--- TASK TO CARRY OUT ---
Below is a listing. Quote from it, exactly, the lines from the one containing "los dos pies." down to the one containing "Omsøkt tomt på", both ends included, and nothing else.

====

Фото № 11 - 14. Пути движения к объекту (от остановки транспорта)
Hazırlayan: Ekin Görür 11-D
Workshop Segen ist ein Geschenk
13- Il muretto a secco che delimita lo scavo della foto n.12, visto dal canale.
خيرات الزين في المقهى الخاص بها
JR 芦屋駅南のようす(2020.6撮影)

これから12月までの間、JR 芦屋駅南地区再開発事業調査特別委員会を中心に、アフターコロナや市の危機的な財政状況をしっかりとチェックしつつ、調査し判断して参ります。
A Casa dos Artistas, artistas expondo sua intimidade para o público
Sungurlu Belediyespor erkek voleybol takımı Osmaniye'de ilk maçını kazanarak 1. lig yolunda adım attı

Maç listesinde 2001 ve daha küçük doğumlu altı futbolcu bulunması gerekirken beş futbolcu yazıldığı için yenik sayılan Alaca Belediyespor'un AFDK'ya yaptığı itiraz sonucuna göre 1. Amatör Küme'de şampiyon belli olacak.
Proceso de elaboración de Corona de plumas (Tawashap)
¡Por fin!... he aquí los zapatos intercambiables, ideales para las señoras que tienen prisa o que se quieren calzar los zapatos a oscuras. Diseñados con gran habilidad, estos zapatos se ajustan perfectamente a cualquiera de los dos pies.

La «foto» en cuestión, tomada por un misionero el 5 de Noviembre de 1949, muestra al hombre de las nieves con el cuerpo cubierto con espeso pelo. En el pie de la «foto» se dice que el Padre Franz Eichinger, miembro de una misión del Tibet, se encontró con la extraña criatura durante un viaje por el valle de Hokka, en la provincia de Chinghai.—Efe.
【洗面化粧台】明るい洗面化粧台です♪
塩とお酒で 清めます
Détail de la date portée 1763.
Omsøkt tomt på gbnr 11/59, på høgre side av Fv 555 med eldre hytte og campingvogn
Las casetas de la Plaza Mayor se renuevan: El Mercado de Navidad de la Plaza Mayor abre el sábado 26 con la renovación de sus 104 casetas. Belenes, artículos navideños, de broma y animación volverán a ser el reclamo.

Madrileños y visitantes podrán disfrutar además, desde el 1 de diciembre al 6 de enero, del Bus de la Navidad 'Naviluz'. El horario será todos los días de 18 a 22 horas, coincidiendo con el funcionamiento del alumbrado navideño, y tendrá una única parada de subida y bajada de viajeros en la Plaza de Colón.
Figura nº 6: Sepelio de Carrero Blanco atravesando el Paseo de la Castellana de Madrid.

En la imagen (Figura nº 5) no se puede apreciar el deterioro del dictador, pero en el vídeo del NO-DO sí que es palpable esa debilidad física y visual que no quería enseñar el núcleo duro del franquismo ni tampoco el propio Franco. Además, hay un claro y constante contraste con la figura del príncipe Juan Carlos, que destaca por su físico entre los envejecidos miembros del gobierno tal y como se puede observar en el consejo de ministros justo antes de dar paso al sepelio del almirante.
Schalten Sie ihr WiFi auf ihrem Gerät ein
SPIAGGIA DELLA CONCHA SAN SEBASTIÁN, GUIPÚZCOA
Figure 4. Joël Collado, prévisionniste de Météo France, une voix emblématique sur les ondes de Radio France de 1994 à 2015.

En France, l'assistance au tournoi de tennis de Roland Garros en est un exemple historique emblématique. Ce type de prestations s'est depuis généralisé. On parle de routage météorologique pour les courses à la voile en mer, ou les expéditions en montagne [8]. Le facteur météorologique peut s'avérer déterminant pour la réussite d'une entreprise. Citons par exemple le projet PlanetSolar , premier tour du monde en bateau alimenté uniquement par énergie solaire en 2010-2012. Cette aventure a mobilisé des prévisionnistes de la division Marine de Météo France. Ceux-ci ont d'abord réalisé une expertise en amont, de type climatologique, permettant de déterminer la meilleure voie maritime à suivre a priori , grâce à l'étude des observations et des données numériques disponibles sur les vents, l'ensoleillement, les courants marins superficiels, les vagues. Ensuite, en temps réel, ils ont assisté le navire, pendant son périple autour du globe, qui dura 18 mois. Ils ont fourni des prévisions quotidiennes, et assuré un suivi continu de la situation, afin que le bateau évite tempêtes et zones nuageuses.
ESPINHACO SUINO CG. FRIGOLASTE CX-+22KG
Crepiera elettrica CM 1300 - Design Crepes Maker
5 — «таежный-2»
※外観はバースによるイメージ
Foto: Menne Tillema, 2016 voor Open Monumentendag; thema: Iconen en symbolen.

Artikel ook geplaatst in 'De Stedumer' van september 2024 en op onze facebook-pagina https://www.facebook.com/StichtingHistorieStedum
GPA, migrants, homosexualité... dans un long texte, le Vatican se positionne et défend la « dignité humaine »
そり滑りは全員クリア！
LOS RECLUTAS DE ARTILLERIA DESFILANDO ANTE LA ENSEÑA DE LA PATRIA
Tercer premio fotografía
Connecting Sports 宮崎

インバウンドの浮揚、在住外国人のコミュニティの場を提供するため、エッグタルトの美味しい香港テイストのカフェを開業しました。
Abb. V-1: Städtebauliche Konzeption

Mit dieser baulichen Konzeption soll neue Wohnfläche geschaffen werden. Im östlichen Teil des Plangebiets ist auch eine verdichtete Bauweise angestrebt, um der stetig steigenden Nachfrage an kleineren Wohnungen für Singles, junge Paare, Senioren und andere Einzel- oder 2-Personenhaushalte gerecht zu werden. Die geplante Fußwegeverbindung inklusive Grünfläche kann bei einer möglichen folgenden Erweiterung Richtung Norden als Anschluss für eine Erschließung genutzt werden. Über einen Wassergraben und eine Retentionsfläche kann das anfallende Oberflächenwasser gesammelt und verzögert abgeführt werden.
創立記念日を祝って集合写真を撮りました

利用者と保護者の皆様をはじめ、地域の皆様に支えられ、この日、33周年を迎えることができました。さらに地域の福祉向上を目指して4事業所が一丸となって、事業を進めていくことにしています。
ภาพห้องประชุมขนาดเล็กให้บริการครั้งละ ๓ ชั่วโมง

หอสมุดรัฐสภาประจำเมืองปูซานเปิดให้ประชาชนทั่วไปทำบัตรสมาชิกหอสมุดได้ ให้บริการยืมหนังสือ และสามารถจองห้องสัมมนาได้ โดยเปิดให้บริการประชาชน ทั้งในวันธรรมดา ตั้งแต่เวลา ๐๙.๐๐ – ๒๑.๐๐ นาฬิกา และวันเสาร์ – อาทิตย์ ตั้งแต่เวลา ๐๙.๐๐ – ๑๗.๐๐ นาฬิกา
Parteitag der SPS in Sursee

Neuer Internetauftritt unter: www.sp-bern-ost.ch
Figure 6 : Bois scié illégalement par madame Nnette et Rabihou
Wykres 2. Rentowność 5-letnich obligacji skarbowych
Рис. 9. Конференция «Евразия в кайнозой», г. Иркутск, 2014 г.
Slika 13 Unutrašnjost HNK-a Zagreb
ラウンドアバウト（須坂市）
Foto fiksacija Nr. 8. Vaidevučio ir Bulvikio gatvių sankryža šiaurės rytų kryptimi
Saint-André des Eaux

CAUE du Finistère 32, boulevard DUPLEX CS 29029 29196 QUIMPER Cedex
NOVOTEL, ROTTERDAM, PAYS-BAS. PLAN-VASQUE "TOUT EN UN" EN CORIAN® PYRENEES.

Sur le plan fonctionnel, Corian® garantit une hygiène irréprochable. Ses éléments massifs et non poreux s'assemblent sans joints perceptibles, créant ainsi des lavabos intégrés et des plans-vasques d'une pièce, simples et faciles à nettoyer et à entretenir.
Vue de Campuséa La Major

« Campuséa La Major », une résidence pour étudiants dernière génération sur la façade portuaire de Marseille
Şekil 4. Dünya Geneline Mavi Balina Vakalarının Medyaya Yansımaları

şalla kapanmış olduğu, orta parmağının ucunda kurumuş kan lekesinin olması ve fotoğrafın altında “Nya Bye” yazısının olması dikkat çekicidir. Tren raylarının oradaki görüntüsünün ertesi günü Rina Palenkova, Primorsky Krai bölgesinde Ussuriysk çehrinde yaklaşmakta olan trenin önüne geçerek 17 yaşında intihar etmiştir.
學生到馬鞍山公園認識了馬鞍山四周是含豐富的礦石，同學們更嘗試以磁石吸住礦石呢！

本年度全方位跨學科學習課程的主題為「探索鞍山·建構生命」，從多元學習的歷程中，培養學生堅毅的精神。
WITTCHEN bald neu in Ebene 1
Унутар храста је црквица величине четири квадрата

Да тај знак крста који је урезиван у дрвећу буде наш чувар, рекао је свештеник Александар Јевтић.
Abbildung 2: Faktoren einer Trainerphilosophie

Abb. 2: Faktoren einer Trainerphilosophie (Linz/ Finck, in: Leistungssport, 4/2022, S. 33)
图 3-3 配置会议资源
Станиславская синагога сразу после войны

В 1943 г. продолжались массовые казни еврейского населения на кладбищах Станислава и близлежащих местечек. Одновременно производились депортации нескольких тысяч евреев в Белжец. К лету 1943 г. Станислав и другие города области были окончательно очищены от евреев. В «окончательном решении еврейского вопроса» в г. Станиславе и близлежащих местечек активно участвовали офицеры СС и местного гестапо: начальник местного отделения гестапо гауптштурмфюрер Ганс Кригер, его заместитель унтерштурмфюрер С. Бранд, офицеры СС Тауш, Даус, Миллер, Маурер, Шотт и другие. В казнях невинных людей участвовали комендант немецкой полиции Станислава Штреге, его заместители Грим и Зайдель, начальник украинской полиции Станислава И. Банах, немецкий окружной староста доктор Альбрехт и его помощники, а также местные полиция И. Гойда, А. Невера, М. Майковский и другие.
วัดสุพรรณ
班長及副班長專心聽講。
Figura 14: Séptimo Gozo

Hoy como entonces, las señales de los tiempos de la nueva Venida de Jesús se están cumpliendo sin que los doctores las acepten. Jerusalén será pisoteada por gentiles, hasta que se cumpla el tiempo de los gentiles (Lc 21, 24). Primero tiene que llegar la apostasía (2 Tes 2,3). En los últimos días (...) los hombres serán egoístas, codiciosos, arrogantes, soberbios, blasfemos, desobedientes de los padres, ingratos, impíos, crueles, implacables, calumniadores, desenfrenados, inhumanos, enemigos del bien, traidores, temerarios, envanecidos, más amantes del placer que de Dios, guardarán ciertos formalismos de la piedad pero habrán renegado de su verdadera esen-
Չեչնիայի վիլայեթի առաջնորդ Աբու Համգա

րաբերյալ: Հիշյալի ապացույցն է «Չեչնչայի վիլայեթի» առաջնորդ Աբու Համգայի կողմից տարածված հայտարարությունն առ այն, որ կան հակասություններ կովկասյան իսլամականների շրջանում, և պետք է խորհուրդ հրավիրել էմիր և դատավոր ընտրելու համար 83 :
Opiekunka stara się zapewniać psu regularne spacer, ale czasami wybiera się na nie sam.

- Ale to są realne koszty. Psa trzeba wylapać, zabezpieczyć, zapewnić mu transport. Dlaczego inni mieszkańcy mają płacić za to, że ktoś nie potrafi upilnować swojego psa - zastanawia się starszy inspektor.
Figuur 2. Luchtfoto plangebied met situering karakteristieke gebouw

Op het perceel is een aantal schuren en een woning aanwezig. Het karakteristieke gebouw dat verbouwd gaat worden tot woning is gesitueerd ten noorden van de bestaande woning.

====

--- ANSWER TO THIS PROBLEM ---
¡Por fin!... he aquí los zapatos intercambiables, ideales para las señoras que tienen prisa o que se quieren calzar los zapatos a oscuras. Diseñados con gran habilidad, estos zapatos se ajustan perfectamente a cualquiera de los dos pies.

La «foto» en cuestión, tomada por un misionero el 5 de Noviembre de 1949, muestra al hombre de las nieves con el cuerpo cubierto con espeso pelo. En el pie de la «foto» se dice que el Padre Franz Eichinger, miembro de una misión del Tibet, se encontró con la extraña criatura durante un viaje por el valle de Hokka, en la provincia de Chinghai.—Efe.
【洗面化粧台】明るい洗面化粧台です♪
塩とお酒で 清めます
Détail de la date portée 1763.
Omsøkt tomt på gbnr 11/59, på høgre side av Fv 555 med eldre hytte og campingvogn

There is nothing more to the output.